The core idea: instead of a human watching a dashboard after a deploy, you write the failure condition as a Prometheus query up front (e.g. error-rate > 5% or p99 latency > 500ms over a rolling window) and the rollout controller itself queries that condition at each analysis step, automatically reverting traffic to the stable version the moment the query breaches threshold, often within seconds, far faster than a human would notice and react. This is the single highest-leverage progressive-delivery technique for reducing incident frequency and severity, because it converts “bad deploy causes a 20-minute outage while someone gets paged and manually rolls back” into “bad deploy causes a brief blip visible only in metrics.”

Where this points next

FindingGo to
New ReplicaSet pods aren’t becoming ReadyIntermediate/Advanced pod-lifecycle material
New pods are restartingIntermediate/Advanced restart-diagnosis material
PodDisruptionBudget is blocking the rolloutAdvanced resource/scheduling material
Stuck rollout traces back to a webhookAdmission Control and Webhook Failures

Lab

Most of this lab is simulatable on a single-node kind/minikube cluster, ArgoCD, Flux, and Argo Rollouts all run fine locally. The one thing you can’t fully simulate locally is a realistic automated-rollback-on-SLO-breach scenario, since that needs real traffic and a real Prometheus with meaningful data; a lightweight synthetic load generator (e.g. hey or k6) against a local cluster gets you close enough to practice the mechanics.

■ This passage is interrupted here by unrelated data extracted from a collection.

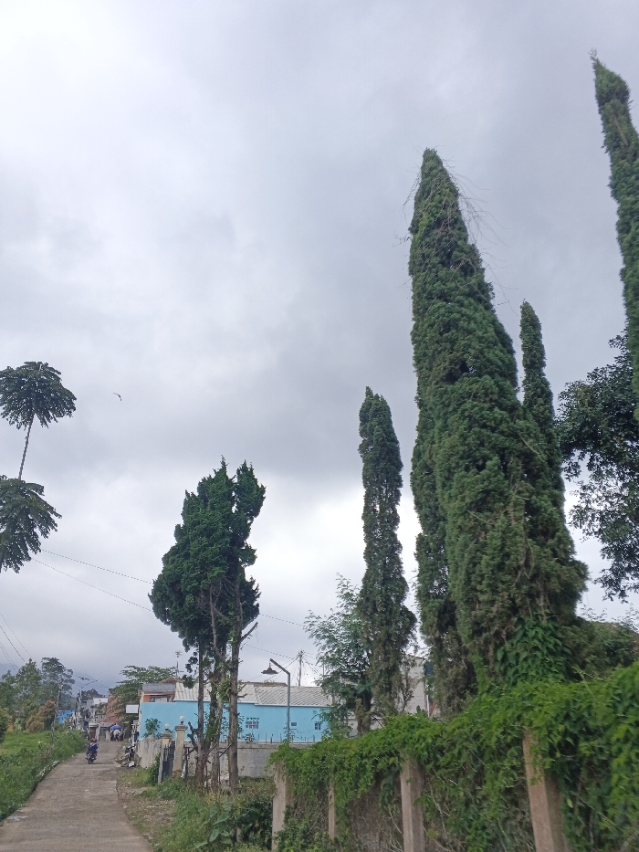 The image depicts an outdoor scene in Kalipayan, Philippines, under a uniformly overcast, gray sky. A concrete pathway, approximately 2-3 meters wide, extends from the foreground, gently curving and descending into the mid-ground. The pathway is flanked by grassy verges with sparse vegetation. On the right side of the frame, a concrete retaining wall, approximately 1.5 meters in height, is densely covered with green vines. Immediately behind and towering over this wall are several tall, slender evergreen trees with dark green foliage, exhibiting a conical or columnar shape. The most prominent of these trees, centered in the mid-right, has a pointed apex with some visible lighter, possibly dead, branches extending from its upper structure. Further to the left, a smaller, bushier evergreen tree is present. In the far upper-left, two trees with distinctive flat, rounded canopies, resembling fan palms, are partially visible. A single dark bird is captured in flight against the sky in the upper-left quadrant. Along the left side of the pathway, a series of structures are visible. The most discernible is a light blue, single-story building featuring multiple rectangular windows, set back from the path. Further along, other buildings with varying rooflines are observed. Utility wires are strung across the scene, and a modern street lamp is positioned above the blue building. On the concrete pathway in the mid-ground, a single individual operating a motorcycle is observed traveling away from the viewer. Additional indistinct human figures are visible further down the path near the cluster of buildings. Distant hills or mountainous terrain are discernible along the horizon in the background beneath the cloudy conditions.
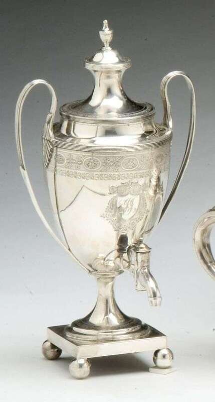 George III silver hot water urn John Rowe, London 1799
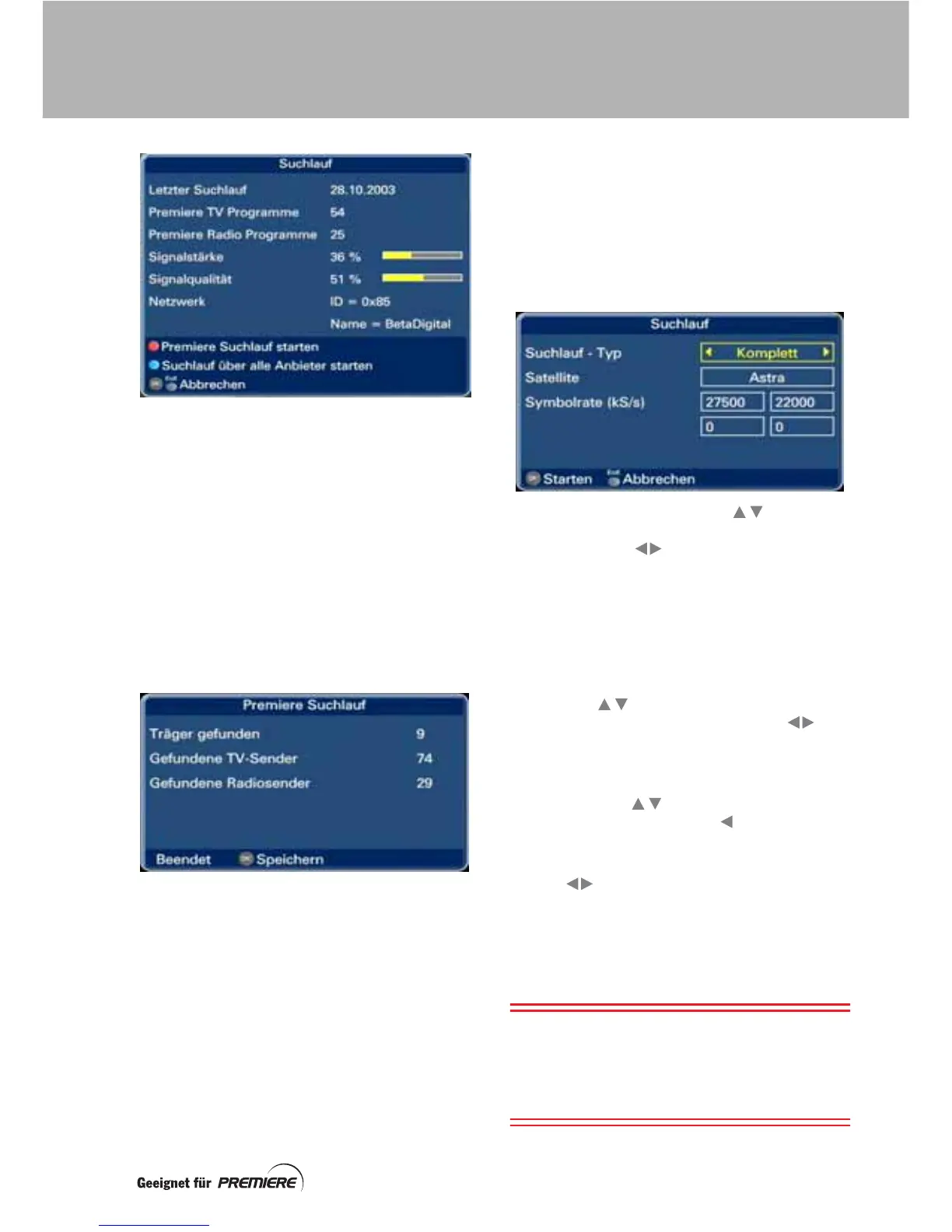 Zum Starten eines Premiere Suchlaufs
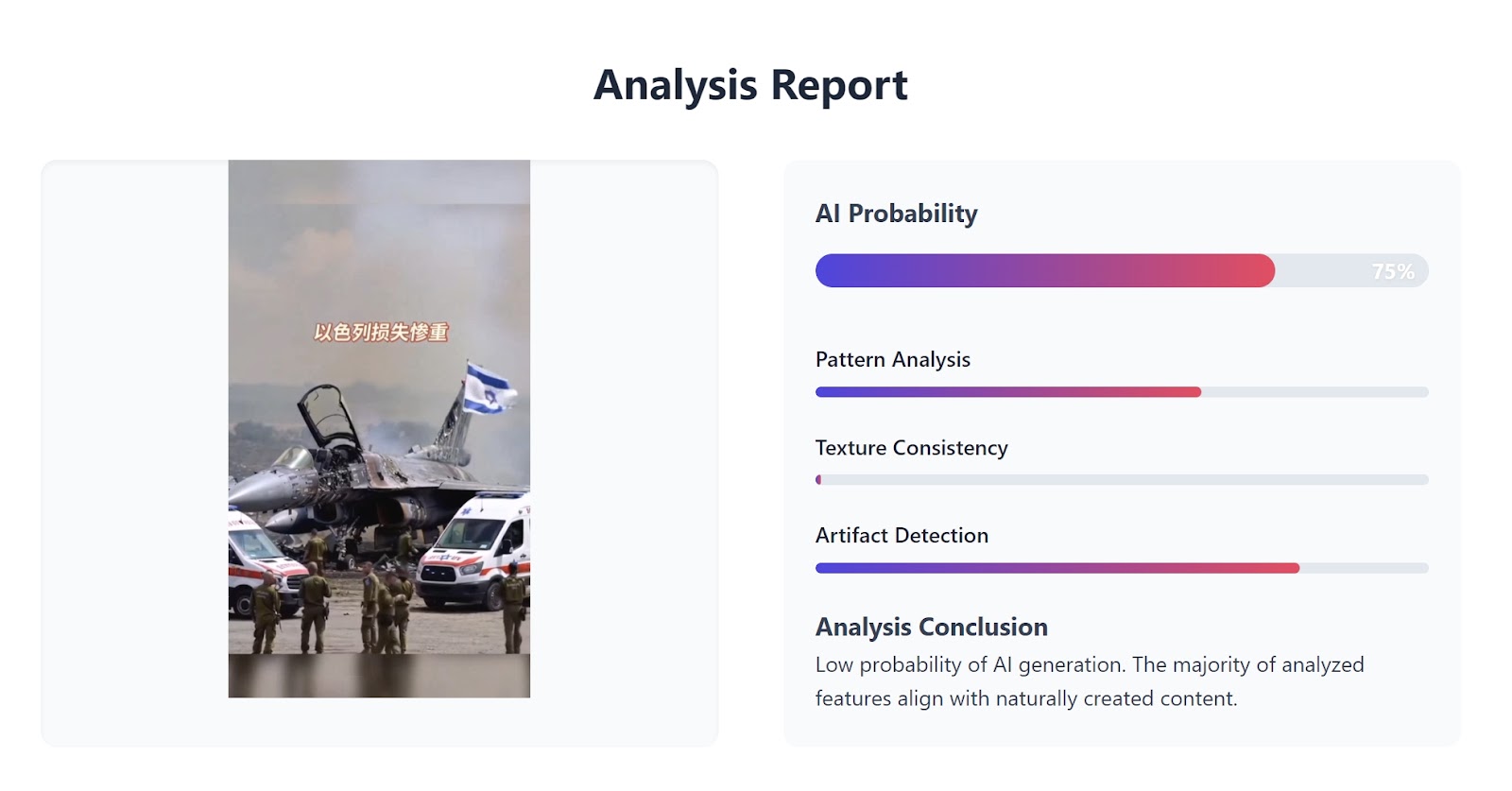 補充:MyGoPen 過去做過許多與天災有關的 AI 影像查核,發現要辨別影像真偽還有一個方法,可以觀察影片中的人群與場景互動是否合理。以網傳影片為例,如果真的有一架戰機毀損嚴重,不太可能出現一群人站在旁邊沒事做的情形;客機片段也一樣,畫面中的消防員應該是全力灌救失火部位,而不是站得遠遠的,彷彿沒有看到失火一樣。
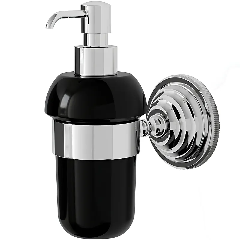 Дозатор для жидкого мыла Devon&Devon Black Diamond BLKD530CRNE.Характеристики: Цвет: хром, черный. Материал: латунь, керамика. Метод крепления: шурупы. Монтаж: на стену. В комплекте поставки: Дозатор для жидкого мыла. Держатель. Крепления.
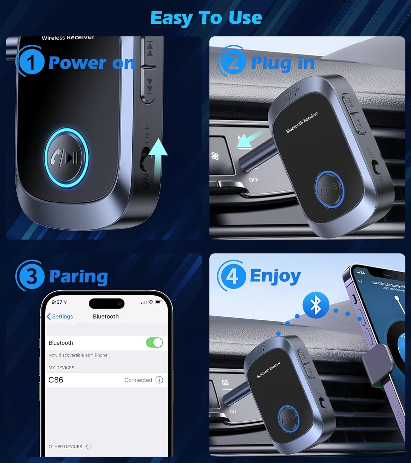 SET UP IN 5 SECONDS FLAT: ①Plug into your car’s aux port (or home stereo). ②Slide the wireless Bluetooth car adapter to “ON.” ③Search “C86” on your phone and connect. It’s that easy!
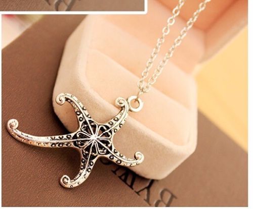 Women Charm Jewelry Antique Silver Starfish Pendants Long Chain Necklace
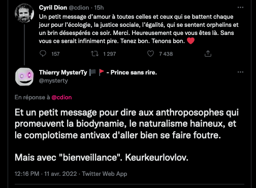 _ Ni l’un ni l’autre n’y connaissent quoi que ce soit en anthroposophie ni en biodynamie, ces types sont en plus: trĂšs trĂšs malsain… et quant Ă toi   https://twitter.com/MandrakeCagoule/status/1513254991124963332?s=20&t=1FVruAHQkFq_rWlBlJFZFg
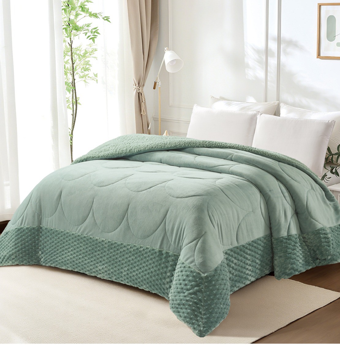 Home Edredões de Inverno Edredão Borrego AL– Mónaco Edredão Borrego AL– Mónaco 1 unidades em stock | SKU: SC-Monaco Medida Casal Cor Verde 49,90 € 54,90 € Desconto de %. Comprar Contactar Adicionar à wishlist Edredão fabricado em materiais de alta qualidade, leves e quentes, ideal para os dias mais frios de inverno. A sua parte superior é fabricada em tecido de sedalina extremamente macio. A sua parte interior é feita com pelo de borrego. É um edredão leve e extremamente quente, o seu acabamento macio e perfeito, torna-o ideal para lhe dar o descanso que merece. Medidas casal: 1x 240x260cm Sem almofadas Composição: 100% Poliéster Partilhar
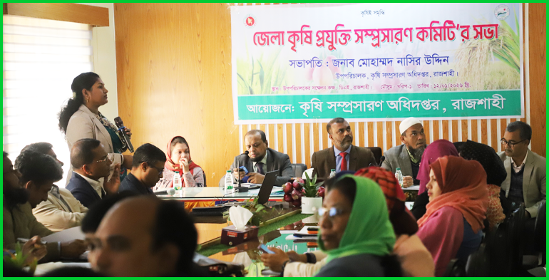 মো: এমদাদুল হক:রাজশাহীকৃষি সম্প্রসারণ অধিদপ্তরের আয়োজনে গতকাল সোমবার ১২ জানুয়ারি সকাল ১০টায় রাজশাহী কৃষি সম্প্রসারণ অধিদপ্তরের উপপরিচালকের সম্মেলন কক্ষে খরিপ-১/২০২৬-২৭ মৌসুমের মৌসুমের কর্মপরিকল্পনা নিয়ে কৃষি প্রযুক্তি সম্প্রসারণ কমিটির সভা অনুষ্ঠিত হয়। সভায় সভাপতিত্ব করেন রাজশাহী কৃষি সম্প্রসারণ অধিদপ্তরের উপপরিচালক কৃষিবিদ মোহাম্মদ নাসির উদ্দিন এতে রাজশাহী জেলার কৃষি সংশ্লিষ্ট অধিদপ্তরের কর্মকর্তা, বেসরকারি কর্মকর্তা, বিসিআইসি সার ডিলার, কীটনাশক ডিলার কৃষি উদ্যোক্তা ও অন্যান্য অংশীজন সভায় উপস্থিত ছিলেন।
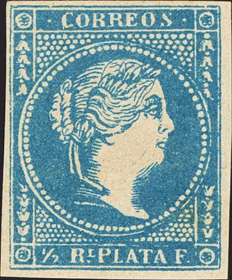 (★) Ant.7F. 1857. ½ blue real . FAKE POSTCARD (Type-I, fake from Havana). MAGNIFICENT.
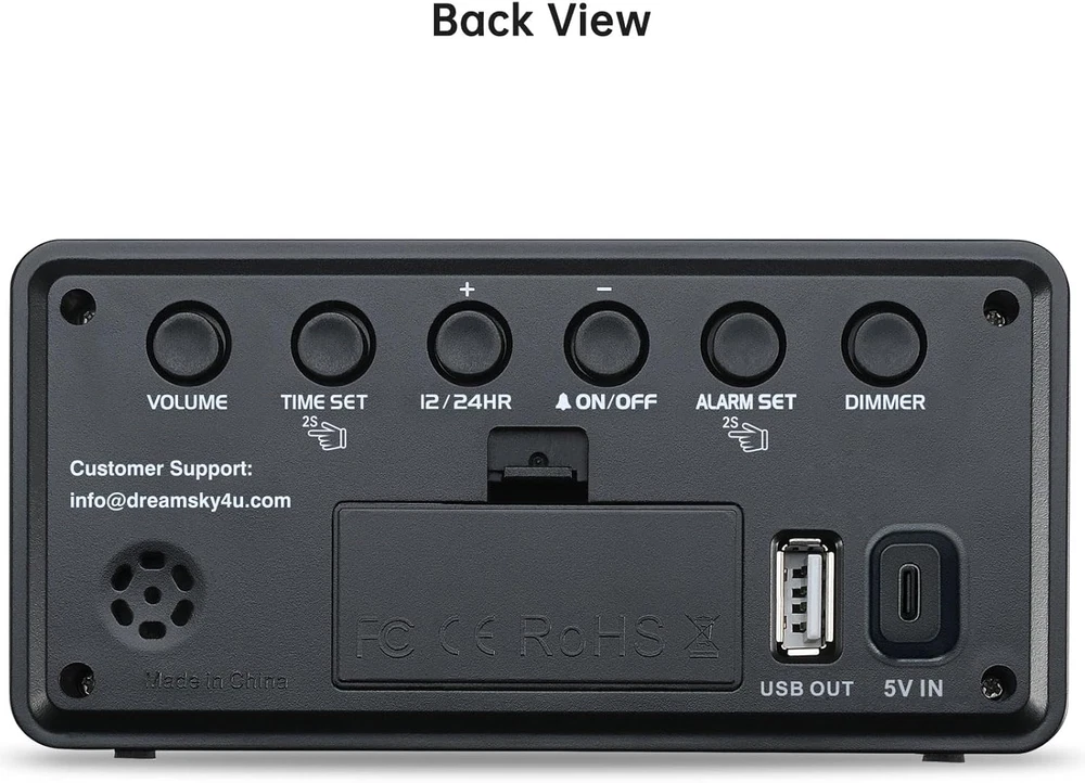 Store New Arrivals Add to Favorite View Feedback Contact Dreamsky Small Digital Alarm Clock for Bederoom, Large Big Numbers Display with Dimmer for Living Room, Electric Bedside Desk Clock with USB Charging Port, Adjustable Volume, USB-C Adapter Powered Description Item model number DS312 Style Digital Alarm Clock Number of Items 1 Power Source Corded Electric Dial Color White Operation Mode Electrical Theme Number Are Batteries Included No Room Type Bedroom, Kid's Room Product Dimensions 5.3"W x 2.6"H Material Plastic Watch Movement digital clock Frame Material Plastic Age Range (Description) Adults, kids Alarm Clock Yes Number of Batteries 2 AAA batteries required. Is Discontinued By Manufacturer No Manufacturer DreamSky Indoor/Outdoor Usage Indoor Item Weight 8 ounces Special Feature function(f) {var _np=(window.P._namespace("DetailPageProductOverviewTemplatesJava"));if(_np.guardFatal){_np.guardFatal(f)(_np);}else{f(_np);}}(function(P) { P.when('A').execute(function(A){ A.on('a:truncate:po-attribute-truncate-4:updated', function(data) { var isTruncated = !data.truncateInstance.getIfTextFits(); var seeMoreElement = document.getElementById('po-attribute-see-more-id-4'); if(seeMoreElement) { seeMoreElement.style.display = isTruncated ? '' : 'none'; } }) }); })); small digital clock for desk, nightstand, office, living room under TV, plug in alarm clock easy to use, simple clock for seniors, teens, kids, elderly, adluts, decent gift choice See more Display Type Digital Mounting Type Tabletop Clock Form Multi Display Color White Shape Rectangular Batteries 2 AAA batteries required. Brand DreamSky Size Small Large Display Electric Alarm Clock with Brightness Dimmer: Corded plug in clock with compact streamline design yet large number display. 2 inches jumbo illuminated LED digits ensure the time is easy to see even for impaired vision people. The brightness dimmer allows you set the brightness of display, needless worry the brightness, either too bright thus affecting your sleep or too dark to read time. Adjustable Alarm Sound: Single alarm setting with 9 minutes snooze. The beep alarm sound can be set from 30-90 DP as preference. Needless worry about too loud alarm sound frightening you or too low to wake you up from deep sleeping. One simple ON/OFF button allows you disable the alarm on weekend. USB Charging Port: Convenient USB port allows you to charge your smartphone or other electric device without plug in wall, handy, convenient and organized. Easy Operation Alarm Clock: Intuitive setting button, experience zero stress when setting the time or alarm. Easy for kids, seniors and the elderly. Adapter Powered Only and Battery for Memory: Plug in to power the clock with the included DC adapter (with 59 inches USB cord). 2 x AAA batteries (not included) needed for storing time and alarm settings in case of power outage. With battery power source only, the screen will go blank and alarm will not sound. IMPORTANT: please note that the small alarm clock is NOT battery powered and requires adapter for normal performance. Product Description Kindly note that the digital clock is NOT battery operated DreamSky Simple, Handy and Easy to Operate Alarm Clock with Attractive Look DreamSky Small Digital Clock is developed based on customer preference, simple, handy and with basic feature needed. Streamline design with smooth finish, compact size yet large bold blue number display. With 2" jumbo number display in a high contrast screen, time is easy to see at a glance. Plug In Digital Clock with Memorized Battery Feature This digital desk clock is outlet powered only. Both adapter (US Plug) and USB cable (length: 59 inches) are included. The working voltage is 110V-240V applicable. About Battery Backup The battery feature works for memorizing the time and alarm settings in the case of main power outage. During the battery backup, the screen will go blank and alarm will not sound, but the clock will display correct time once power returns. USB Charging Function An extra USB charging port allows you to charge your cellphone, pad or other electronic smart device any time. Handy charging and convenient. Adjustable Brightness Dimmer The dimmable alarm clock comes with adjustable display brightness. You are able to adjust the display to bright level at daytime and dimmer at night without disturbing other sleeper. 12-24H Switch LED clock is 12 or 24 hour display optional. PM icon will display while time reaches to afternoon if 12hr display model selected. Adjustable Alarm Volume The sound of alarm can be set from 30-90 DP. Needless to worry the alarm sound, either too loud thus frightening you or too low to wake you up from deep sleeping. One simple ON/OFF button allows you to disable the alarm on weekend. Touch Style Snooze Touch style snooze on the top will give you a non-stress oversleep experience and catch an extra shuteye. After 9 minutes it will ring again, no worries to be late. * Frequently Asked Questions (FAQ) * Q: Can this digital clock run on batteries alone? A: No. Battery function only works to store the clock time and settings in the case of power cut. Adapter is required as the main power source of this alarm clock. Q: what is the size of this digital alarm clock? A: It sizes 2.6 inches in height, 1.4 inches in width and 5.3 inches in length. Q: How do you turn off the alarm once it wakes you up? A: When alarm goes off, you can press any button at the back of the clock to turn off the alarm. Q: How long does the alarm stay on? A: The alarm will last 2 minutes then shut off automatically Q: Is there a larger model of this clock? A: Yes. See above comparison chart the "Large Digital Alarm Clock". Q: What is the size of the numbers? A: The size of the numbers is 2 inches in height. ABOUT US We offer the best prices around on high quality products. Our E-store includes media such as books, movies, music and games while offering electronics, toys, sporting apparel, clothing, tools, general home, g
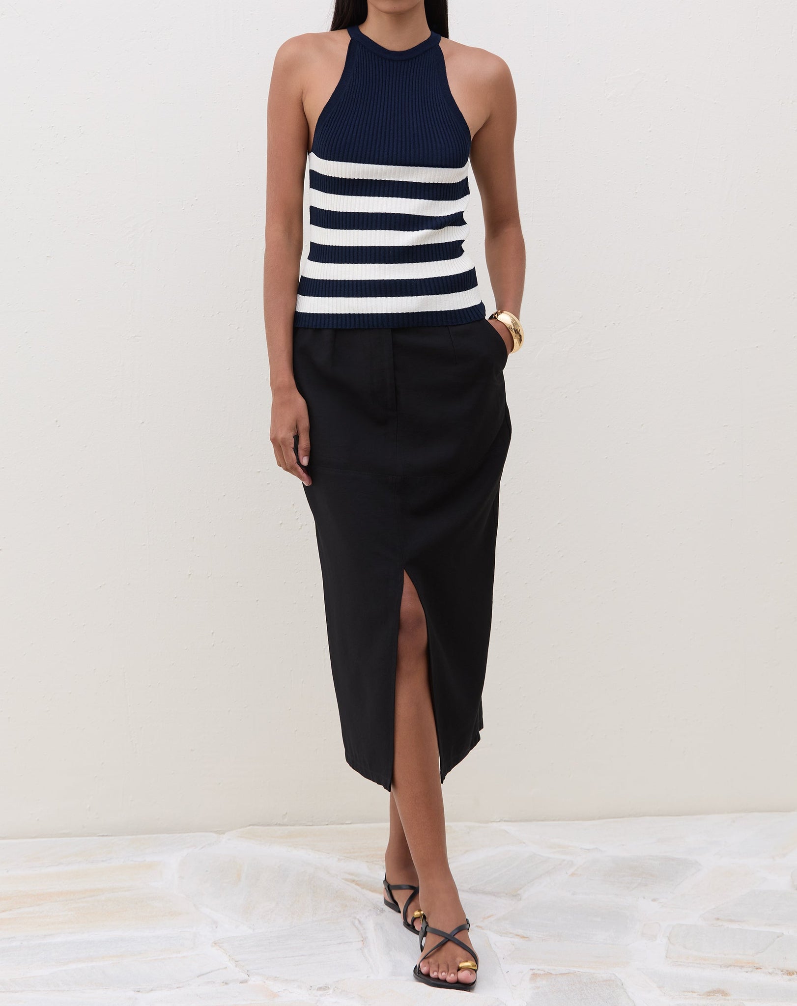 Modelo vestindo saia midi preta com fenda frontal e blusa listrada, em pose frontal.
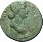 turreted and draped bust of Nymph Nicaea wearing ivy wreath, right, having quiver at shoulder; to right, bow(?)
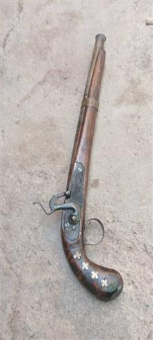 تپانچه دست ساز دکوری کلکسیونی ساخته شده از چوب درخت گردو چخماق و ماشه کار میکنه ولی قابلیت شلیک نداره مناسب دکور
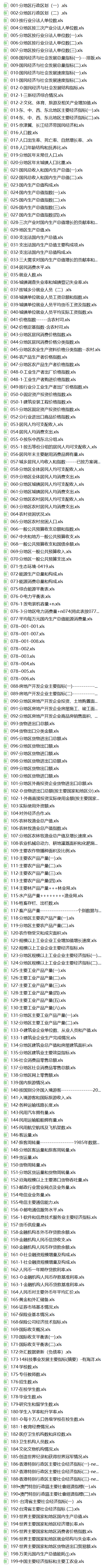 199个Excel表单,统计数据非常之全面。
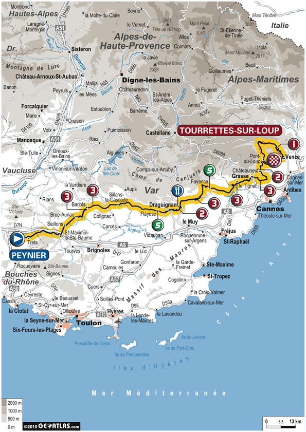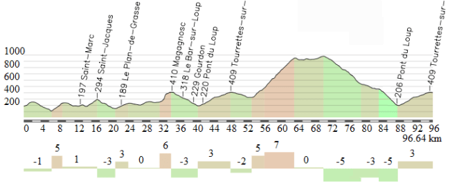 6ª ETAPA (Sábado 13 Marzo): PEYNIE – TOURRETTES SUR LOUP (220 km). Rutómetro / Últimos 5 km

  1. Install ArgoCD (or Flux) on a local cluster and connect it to a Git repository containing a simple Deployment manifest.
  2. Confirm initial sync, then manually kubectl scale the deployment directly and watch the GitOps controller revert it on the next reconciliation, this is the “surprise” from the reconciliation-loop section, deliberately reproduced so it’s no longer a surprise.
  3. Install Argo Rollouts and convert the Deployment into a Rollout resource with a canary strategy and an AnalysisTemplate querying a Prometheus error-rate metric.
  4. Deploy a “good” version and confirm the canary progresses through its traffic steps to 100%.
  5. Deploy a deliberately broken version (e.g., one that returns HTTP 500 for some percentage of requests) behind a synthetic load generator, and watch the automated analysis catch the error-rate breach and roll back.
  6. Separately, practice helm rollback on a plain Helm release: install a chart, upgrade it with a broken values.yaml, and roll back to the prior revision, confirming with helm history.
  7. Deliberately create a stuck rollout (e.g., a PodDisruptionBudget with minAvailable set too high relative to maxUnavailable) and walk through the stuck-rollout triage sequence to find and fix it.

Checkpoint

  • I can explain why kubectl rollout undo can be actively counterproductive on a GitOps-managed resource.
  • I can state the difference between ArgoCD’s Sync status and Health status and give an example where they diverge.
  • I can walk through the three-command stuck-rollout triage sequence from memory.
  • I can describe how an automated canary rollback decides to trigger, including where the threshold is defined.
  • I know when helm rollback is the right tool versus kubectl rollout undo versus reverting a Git commit.